EXERCISE DATA:
===============

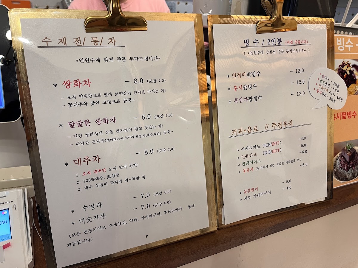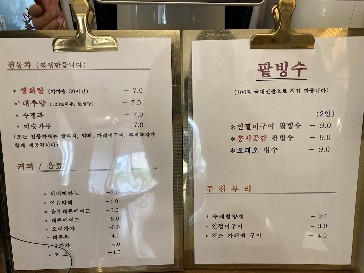 Dalin's menu is a delightful exploration of flavors, featuring healthy options like the thick, comforting dates tea and sweet red bean porridge. Customers rave about the rich, aromatic ginseng teas and an enticing selection of bingsu, particularly the refreshing persimmon variety topped with generous red bean. Each dish is served with a touch of elegance, often accompanied by mini traditional snacks.
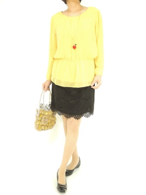 ふんわりしたイエローのブラウスは春らしさ満点。パンツも合いますが、お出かけにはレースのスカートもおススメです!フェミニン度70%、エレガンス度30%。
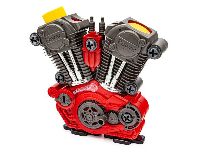 Poszczególne elementy silnika można rozkręcać i skręcać bez końca a realistyczny dźwięk pracy silnika, efekty świetlne oraz ruchome elementy takie jak pracujące tłoki silnika czy obracający się pasek klinowy z pewnością uatrakcyjnią zabawę.

===============

ASSIGNMENT: Take the line containing "ふんわりしたイエローのブラウ" and all lines after it to the end of the data above, and reproduce them exactly, leaving out pictures. Nothing else belongs in the copy.

OUTPUT:
 ふんわりしたイエローのブラウスは春らしさ満点。パンツも合いますが、お出かけにはレースのスカートもおススメです!フェミニン度70%、エレガンス度30%。
 Poszczególne elementy silnika można rozkręcać i skręcać bez końca a realistyczny dźwięk pracy silnika, efekty świetlne oraz ruchome elementy takie jak pracujące tłoki silnika czy obracający się pasek klinowy z pewnością uatrakcyjnią zabawę.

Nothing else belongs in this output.